Note that we also set a name for all groups, with the additional twist that we used the templating supported by split_DOS
. If you are splitting on parameter
, you can use $parameter
inside your name and the method will replace it with the value for each group. In this case parameter
was atoms
, but it could be anything you are splitting the DOS on.
You can also exclude some values of the parameter you are splitting on:
[10]:
plot.split_DOS(on="atoms", exclude=[1, 3])
Or indicate the only values that you want:
[11]:
plot.split_DOS(on="atoms", only=[0, 2])
Finally, if you want to split on multiple parameters at the same time, you can use +
between different parameters. For example, to get all the oxygen orbitals:
[12]:
plot.split_DOS(on="n+l+m", species=["O"], name="Oxygen")
Managing existing groups
Not only you can create groups easily with split_DOS
, but it’s also easy to manage the groups that you have created.
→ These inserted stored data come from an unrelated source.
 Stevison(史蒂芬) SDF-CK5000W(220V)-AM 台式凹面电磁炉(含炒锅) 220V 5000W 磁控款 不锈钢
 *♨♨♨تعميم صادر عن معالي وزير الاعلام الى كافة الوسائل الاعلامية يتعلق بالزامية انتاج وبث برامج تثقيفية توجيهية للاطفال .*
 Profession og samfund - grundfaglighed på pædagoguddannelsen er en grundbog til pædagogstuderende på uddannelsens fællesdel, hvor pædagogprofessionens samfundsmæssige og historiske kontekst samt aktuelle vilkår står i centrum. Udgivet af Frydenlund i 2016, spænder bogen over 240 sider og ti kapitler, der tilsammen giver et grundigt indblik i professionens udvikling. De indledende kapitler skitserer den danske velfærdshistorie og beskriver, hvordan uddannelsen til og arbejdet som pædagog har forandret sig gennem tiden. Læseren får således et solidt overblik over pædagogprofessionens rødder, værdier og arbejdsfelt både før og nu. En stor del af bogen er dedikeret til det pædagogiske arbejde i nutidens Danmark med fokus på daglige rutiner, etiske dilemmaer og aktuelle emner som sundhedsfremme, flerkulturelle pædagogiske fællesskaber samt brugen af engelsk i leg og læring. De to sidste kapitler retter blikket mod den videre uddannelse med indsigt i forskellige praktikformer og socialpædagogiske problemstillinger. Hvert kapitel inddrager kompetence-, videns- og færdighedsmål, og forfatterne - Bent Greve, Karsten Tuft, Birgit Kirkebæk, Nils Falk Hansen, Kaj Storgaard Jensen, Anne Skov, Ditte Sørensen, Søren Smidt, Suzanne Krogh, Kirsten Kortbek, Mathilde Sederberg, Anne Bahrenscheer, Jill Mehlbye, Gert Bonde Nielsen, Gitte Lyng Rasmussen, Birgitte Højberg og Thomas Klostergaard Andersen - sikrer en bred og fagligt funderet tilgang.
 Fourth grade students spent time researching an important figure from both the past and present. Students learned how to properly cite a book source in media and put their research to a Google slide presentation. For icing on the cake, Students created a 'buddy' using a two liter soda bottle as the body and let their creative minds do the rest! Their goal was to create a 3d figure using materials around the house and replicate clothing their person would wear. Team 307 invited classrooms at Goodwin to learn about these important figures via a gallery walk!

The methods that help you accomplish this are split_groups
, update_groups
, remove_groups
. All three methods accept an undefined number of arguments that are used to select the groups you want to act on. You can refer to groups by their name (using a str
) or their position (using an int
). It’s very easy to understand with examples. Then, keyword arguments depend on the functionality of each method.
For example, let’s say that we have splitted the DOS on species
[13]:
plot.split_DOS(name="$species")
and we want to remove the Sr and O lines. That’s easy:
[14]:
plot.remove_groups("Sr", 2)
We have indicated that we wanted to remove the group with name "Sr"
and the 2nd group. Simple, isn’t it?
Now that we know how to indicate the groups that we want to act on, let’s use it to get the total Sr
contribution, and then the Ti
and O
contributions splitted by n
and l
.
It sounds difficult, but it’s actually not. Just split the DOS on species:
[15]:
plot.split_DOS(name="$species", reduce="mean")
And then use split_groups
to split only the groups that we want to split:
[16]:
plot.split_groups("Sr", 2, on="n+l", dash="dot").show("png")
Notice how we’ve also set dash
for all the groups that split_groups
has generated. We can do this because split_groups
works exactly as split_DOS
, with the only difference that splits specific groups.
Just as a last thing, we will let you figure out how update_groups
works:
[17]:
plot.update_groups("Ti", color="red", size=4)
We hope you enjoyed what you learned!